Romance

Marriage: A Lifetime of Love

June 27, 2013

Wow! After Mom died, I found a Loveman’s box in the bottom of her cedar
chest. (In Chattanooga, Loveman’s was an exclusive store.) Mom wrapped contents in tissue, and I was thrilled so see what she valued so much. As I eased
back the crinkly paper, Mom’s wedding dress lay on the top. A fancy white
nightgown along with an elegant slip, lacy panties, and matching bra lay underneath. What a treasure. What care she took to fold each just right so it
would fit. Obviously these items held a special place in her heart.

Like those wedding clothes, Mom and Dad’s relationship was
special. Dad adored mother, and she felt the same. They often embraced and
kissed in our presence. At Mom’s funeral, the pastor described my parents as
peanut butter and jelly. You could hardly think of one without the other. They
enjoyed being together and found more in common as they aged. When Mama died,
they had been married almost fifty-six years.

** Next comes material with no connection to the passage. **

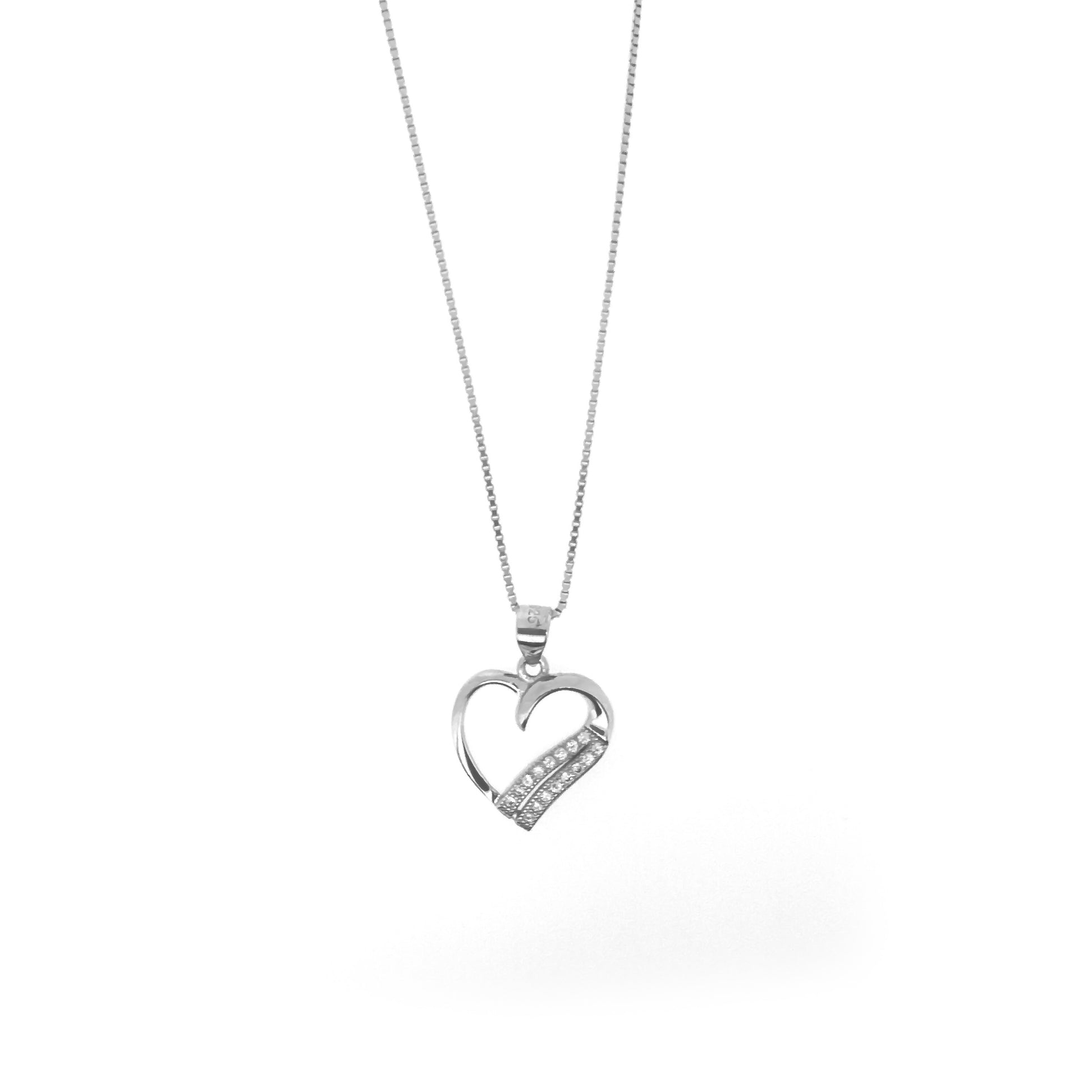 925, Sterling Silver Semi Pavé Outlined Heart Pendant with Standard 45cm Chain

Not that they didn’t have rough spots. Once when mom came
home from the grocery store, a large box of laundry detergent fell out of the
passenger seat and hit the accelerator. She couldn’t stop the car, which
whammed into the garage door. The accident left Dad’s brand new car with a huge
dent and did a lot of damage to the house too. I found her weeping
in the kitchen worried about what my father would say. Dad didn’t like the
damage, but he didn’t react with anger like she expected. I remember him
reasoning with her about preventing such issues in the future.

And I recall when Mom had allergy tests and discovered she
could no longer eat foods she loved. She cried. Dad took us aside and told us
to treat her with gentleness since she had a lot on her mind. That wasn’t
unusual. He often admonished us to look out for her when she felt down.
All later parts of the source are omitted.